My biggest comment--if I were limited to one change--is to the overall credit category weights. I raised this back during our summits and committee presentations. The work I've done and many others on Whole Life Carbon shows that there is quantitatively--or even qualitatively--no reason to skew so many credits into EA and downplay the carbon reduction strategies needed in MR and LT! As the immediate past chair of EA TAG, I beseech you to give at least an equal number of points to MR--if not more than EA. Similarly give LT an equal or higher number of points than is presently proposed!
I cannot speak to locations outside the Lower 48, which are not covered by NREL's Cambium projections. Within the regions in Cambium's database, the lifetime sums of B6 energy use emissions, B7 water usage emissions, B1 refrigerant leakage and C1 disposal refrigerant leakage emissions of all-electric buildings built to a minimum 90.1-2019 compliance with no other on-site renewables or storage are not likely to exceed the initial A1-A5 emissions from the construction of the building. And that only includes the major structure and materials and none of the MEP systems' embodied carbon. To put that another way, doing a business as usual albeit, all-electric building and business as usual construction will have similar lifetime emissions. There is no reason to downplay the initial construction--particularly when we are still learning about MEP impacts in the MR credits from the work of CLF's MEP 2040.
If the bulk of prior LEED NC projects are really new construction and not major renovations, then more than ever we need to incentivize design teams to focus on lower carbon material choices today since there will never be a chance to reverse that decision over the life of the building.

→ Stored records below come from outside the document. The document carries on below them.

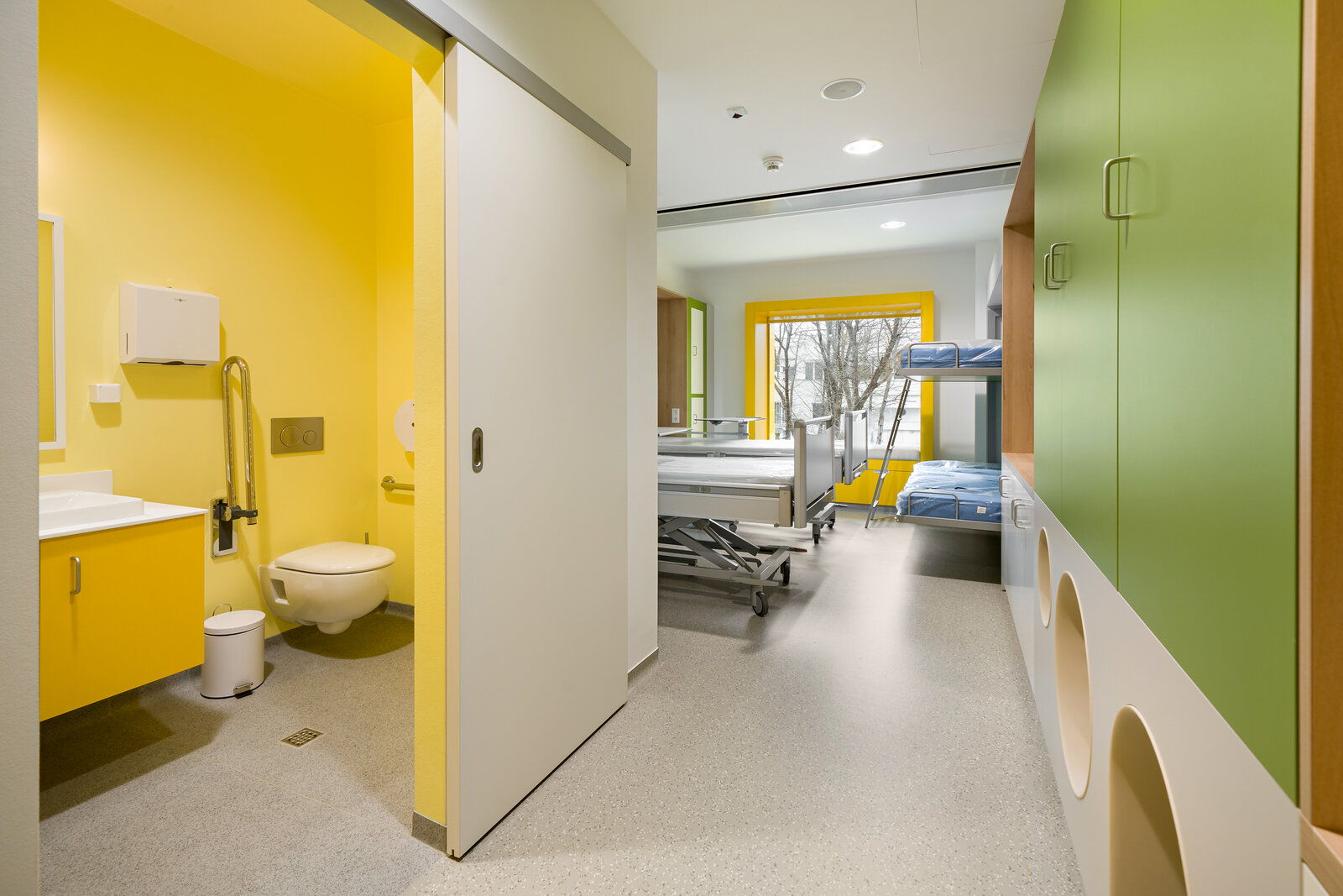 Clădirea este organizată pe orizontală, fiecare nivel simbolizând o parte a ecosistemului unui copac, cu o faună specifică fiecărei zone, creând o poveste în care natura se îmbină cu funcționalitatea medicală. La nivelul subteran, care găzduiește secția de RX, regăsim cârtițele, simboluri ale protecției și intimității, un spațiu discret care oferă siguranță. Primul nivel, destinat unității de primiri urgențe (UPU) și camerelor de primire a pacienților, este reprezentat de iepurași, care aduc confort și căldură, esențiale în momentele de evaluare și îngrijire inițială.
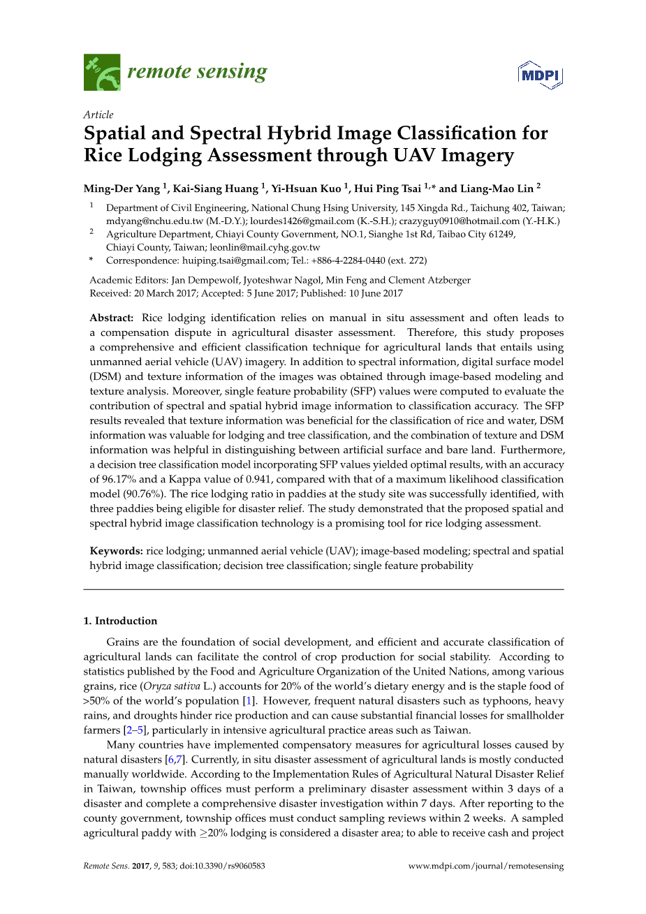 本研究提出了一种综合有效的水稻倒伏解译方法,将空间和光谱混合图像分类技术应用于无人机图像。研究地点为近日在台湾南部遭遇农业损失约306公顷农作物田。具体地说,收集了空间信息,包括从无人机图像生成的DSM获得的高度数据和站点的纹理特征。除了站点的原始光谱信息外,还计算了表征无人机图像每个像素的光谱特征的单特征概率(SFP),以表示基于像素值和训练样本的概率度量。通过融合空间和光谱信息,使用最大似然分类(MLC)[38,39]和决策树分类(DTC)[40]评估分类精度。最后,将所提出的混合图像分类技术应用于研究点内受损稻田,对水稻倒伏率进行了解译。
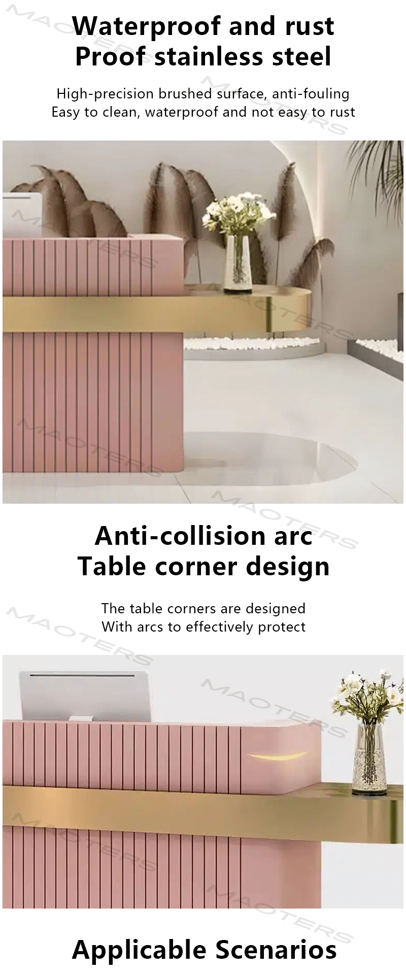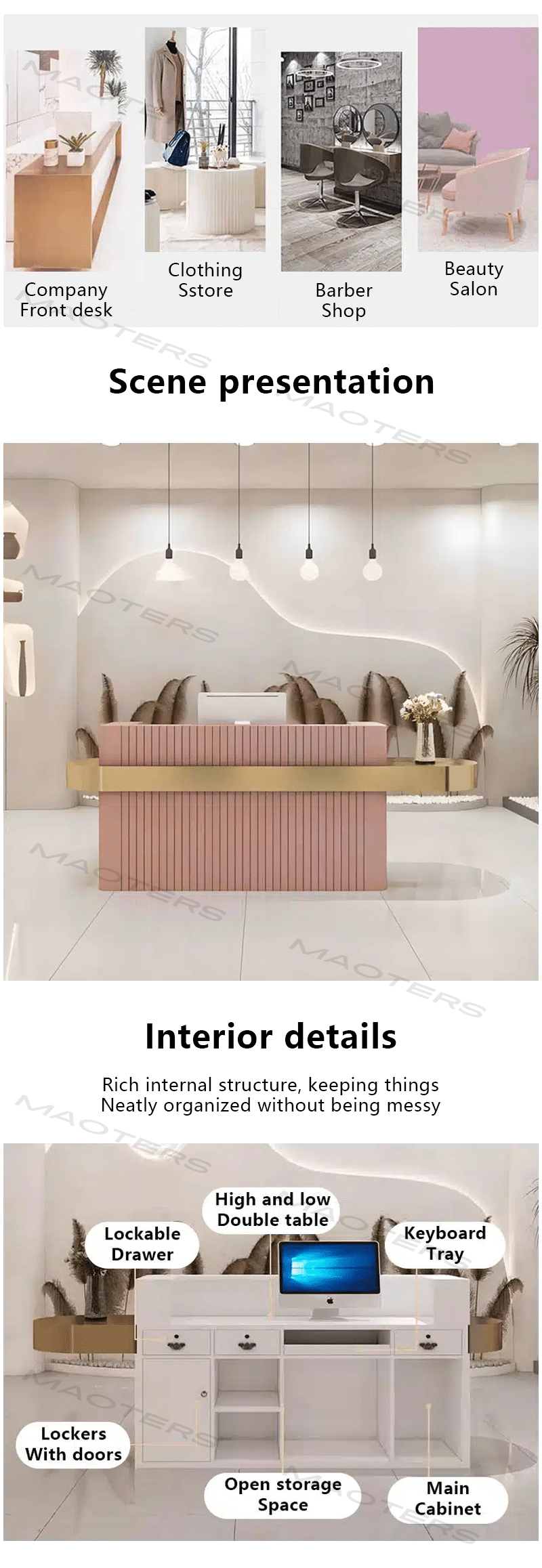 ✓ Creates a High-End Vibe – Elevates your business’s professionalism and style. ✓ Optimized for Customer Interaction – Comfortable height for seamless check-ins and consultations. ✓ Durable & Easy to Maintain – Scratch- and stain-resistant materials for long-lasting beauty.

Whereas space heating, service hot water and cooking can be changed out after construction and thus are not locked in for the life of the building. Doing all-electric from Day 1 is ideal in most cases but does not have the same imperative as low embodied carbon choices from adaptive reuse, mass timber or low carbon concrete mixes and steel.
When it comes to B8 user activities' emissions, we have failed. CNT created a tool with USGBC funding back in 2008 to estimate B8 emissions from employees, visitors, tenants, and residents. There is certainly double counting of the attribution of mileage and resulting emissions in CNT's methodology to the home and the work location. That double counting is also present in LEED Zero Carbon's commuter survey form. What we do know is that average car lifetimes have been continually increasing in the US to over 12 yrs and the fleet-wide CAFE standards have boosted fuel economies. But EVs are not a panacea and won't do anything to solve traffic congestion. LEED v5 hopes to have a 5-yr shelf life until the next iteration. EV adoption rates are slowing in some early adopter regions and have slowly grown in others. That is, for LEED v5 buildings, EVs will not save them from transportation-related emissions. Greater importance needs to be placed on location and more specifically on location efficiency. We need transit-oriented, walkable locations prioritized. We need actual calculators and tools to assess site options and elements such as the proverbial LEED bike rack. Designers need to get away from these proxies with the advancement of tools which tell the designers and owners what the value of carbon reductions are from adding bike racks, EV chargers, reduced parking, being near 10 or more neighborhood amenities, etc. We moved away from similar proxies like "500 miles" for materials in LEED v2009 and earlier. We need more tools to understand LT choices made during site selection and design which are unlikely to rapidly change but could get better if growth or sprawl eventually surrounds the site. Until then LT needs more points to incentivize better choices. Take some of those from the EA category.
Jamy Bacchus
Associate PrincipalME Engineers
26 thumbs up
May 25, 2024 - 6:06 pm
...and if we want even bolder action in LEED v5 then here are a few other ideas:
We should radically alter the credit weightings to be bare bones minimum—one point max per credit—and all the additional weightings would be set by regional priorities because no international rating system can correctly address all the local issues; local USGBC chapters should set their weightings appropriately to what issues are priorities. This would give regional chapters the ability to reallocate over 50 credits to important issues relevant to those communities and if they don’t provide guidance, then the national version of current weightings would serve as the default.
It was deemed too difficult to implement by those doing the reviews. I contend a static weighting with only a 5% of the credits weighted towards local concerns is insufficient to properly push design teams toward location-appropriate designs and our current system may steer projects away from doing the right things.